Anitha is kind enough to point out that my initial analysis wasn't all that accurate. Let's try again. ;)

a. INSERT INTO t1 (c1,c2) VALUES (now(), f_slow_now())  // 1st row

Trigger created here.  

b. INSERT INTO t1 (c1,c2) VALUES (now(), now())  // 2nd row
 

c. CALL p1(); 
   expands into:
    INSERT INTO t1 (c1,c2) values (now(),now()); // 3rd row

    INSERT INTO t1 (c1,c2) values (now(),now()); // 4th row

The difference between the rows are row2-row1, row3-row2, row4-row3 and should have resolved to: (1,1,1) if the time difference between each row was more than one second. We got (1,0,1) instead, indicating that row3-row2 difference is maybe calculated with a bad timing.

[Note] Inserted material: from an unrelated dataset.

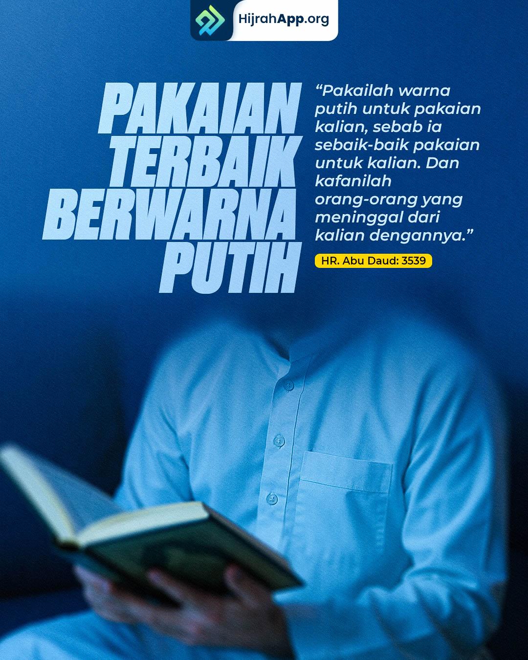 “Pakailah pakaian putih karena pakaian seperti itu adalah sebaik-baik pakaian kalian dan kafanilah mayit dengan kain putih pula” (HR. Abu Daud no. 4061, Ibnu Majah no. 3566 dan An Nasai no. 5325. Al Hafizh Abu Thohir mengatakan bahwa hadits ini hasan).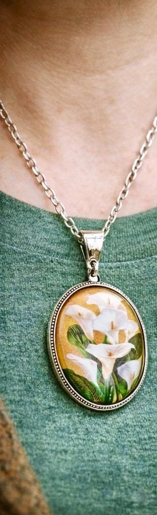 Available in round or oval format, or as a collector’s set of both, each piece features a detailed lily design set beneath a smooth glass dome and framed in silver.

There is no sleep after statement b. That shouldn't matter, because as Anitha point out, the trigger is active for the INSERT statement inside the stored procedure p1() and should have caused a SLEEP(2) just before the INSERT of the 3rd row, making the difference between row3 and row2 more than 1 second. In fact there is even one SLEEP too many inside the SP which could safely be removed.

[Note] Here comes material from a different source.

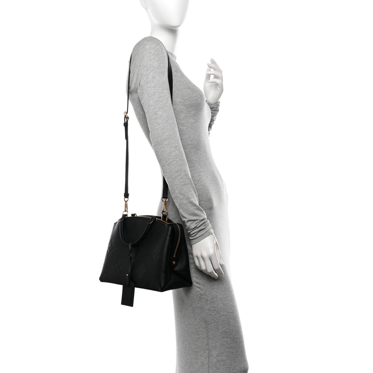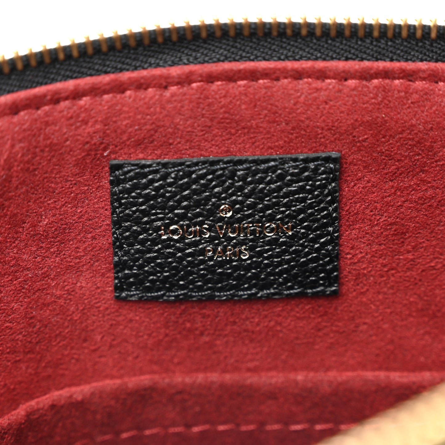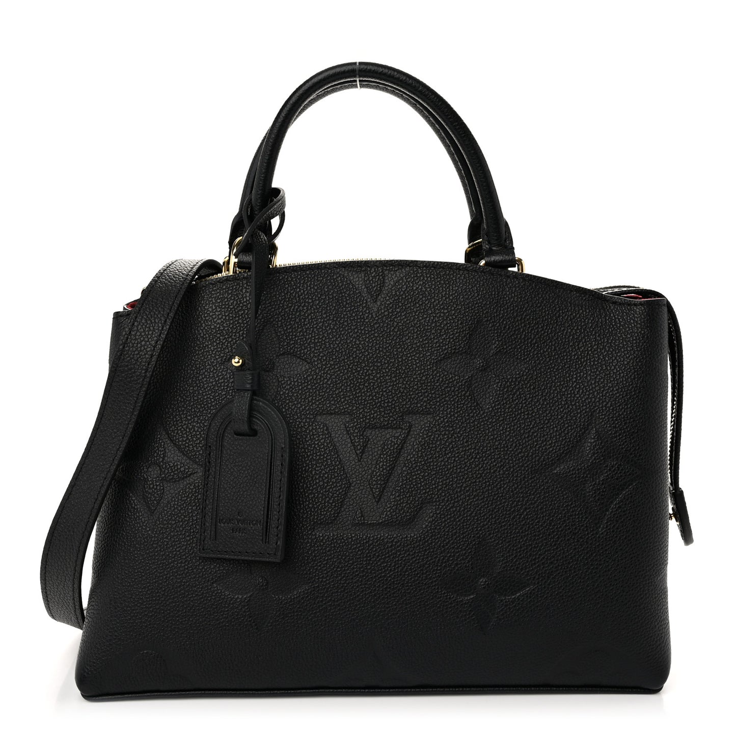 This is an authentic LOUIS VUITTON Empreinte Monogram Giant Petit Palais in Black. This shoulder bag is crafted of Louis Vuitton monogram-embossed calfskin leather in black. The bag features rolled leather handles, an optional shoulder strap with gold hardware, and a top zipper that opens to a burgundy microfiber interior with patch pockets.Follow this item for alerts. Louis Vuitton is a registered trademark of Louis Vuitton. FASHIONPHILE is not affiliated with Louis Vuitton.

So why did this fail on Solaris 10? I don't know yet. I can't see anything obviously wrong with the test case just now.

If it doesn't fail on 5.1 then the risk is that the test case is good and that we're seeing a regression for 5.5 here.

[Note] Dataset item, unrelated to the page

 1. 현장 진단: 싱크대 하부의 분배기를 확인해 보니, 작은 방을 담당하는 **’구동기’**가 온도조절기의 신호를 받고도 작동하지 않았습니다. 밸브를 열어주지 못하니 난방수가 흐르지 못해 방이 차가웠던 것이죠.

In 5.1 this behavior is verified from a debug trace:

query: INSERT INTO t1 (c1,c2) VALUES (now(), f_slow_now())
       execute: Instruction 0
       >sp_instr_stmt::execute
           proc_info: item_func.cc:3670  User sleep
       <sp_instr_stmt::execute
       execute: Instruction 1
query: CREATE TRIGGER tf_before BEFORE INSERT ON t1
query: INSERT INTO t1 (c1,c2) VALUES (now(), now())
   >sp_head::execute_trigger
     execute: Instruction 0
         execute: Instruction 0
         >sp_instr_stmt::execute
             proc_info: item_func.cc:3670  User sleep
         <sp_instr_stmt::execute
         execute: Instruction 1
   <sp_head::execute_trigger
query: CALL p1()
    execute: Instruction 0
    >sp_instr_stmt::execute
        >sp_head::execute_trigger
          execute: Instruction 0
              execute: Instruction 0
              >sp_instr_stmt::execute
                  proc_info: item_func.cc:3670  User sleep
              <sp_instr_stmt::execute
              execute: Instruction 1
        <sp_head::execute_trigger
    <sp_instr_stmt::execute

    execute: Instruction 1
    >sp_instr_stmt::execute
        >sp_head::execute_trigger
          execute: Instruction 0
              execute: Instruction 0
              >sp_instr_stmt::execute
                  proc_info: item_func.cc:3670  User sleep
              <sp_instr_stmt::execute
              execute: Instruction 1
        <sp_head::execute_trigger
    <sp_instr_stmt::execute

query: SELECT c1-c2 FROM t1
query: SELECT t1.c1-self.c1 > 1 FROM t1, t1 as self WHERE t1.c0=self.c0+1 ORDER BY t1.c0

Could bug #42054 be related (thanks Shane!)?

Hi Roel,

the test has the potential to harm succeeding tests because
it is not ensured that the disconnect of con2 is finished
before this test ends.
Please fix this.
Current:
   SELECT count(*) FROM mysql.slow_log WHERE lock_time > 10;
   disconnect con2;
   DROP TABLE t1;
Repaired:
   SELECT count(*) FROM mysql.slow_log WHERE lock_time > 10;
   connection con2;
   disconnect con2;
   --source include/wait_until_disconnected.inc
   connection default;
   DROP TABLE t1;
This fix itself will not prevent the sporadic failures reported
within this bug.

Thank you

Matthias

Bug reproduced on Solaris 10. Many threads (i.e. busy machine) will result in inconsistencies in the test case outcome. Will research further and likely open new bug with test case.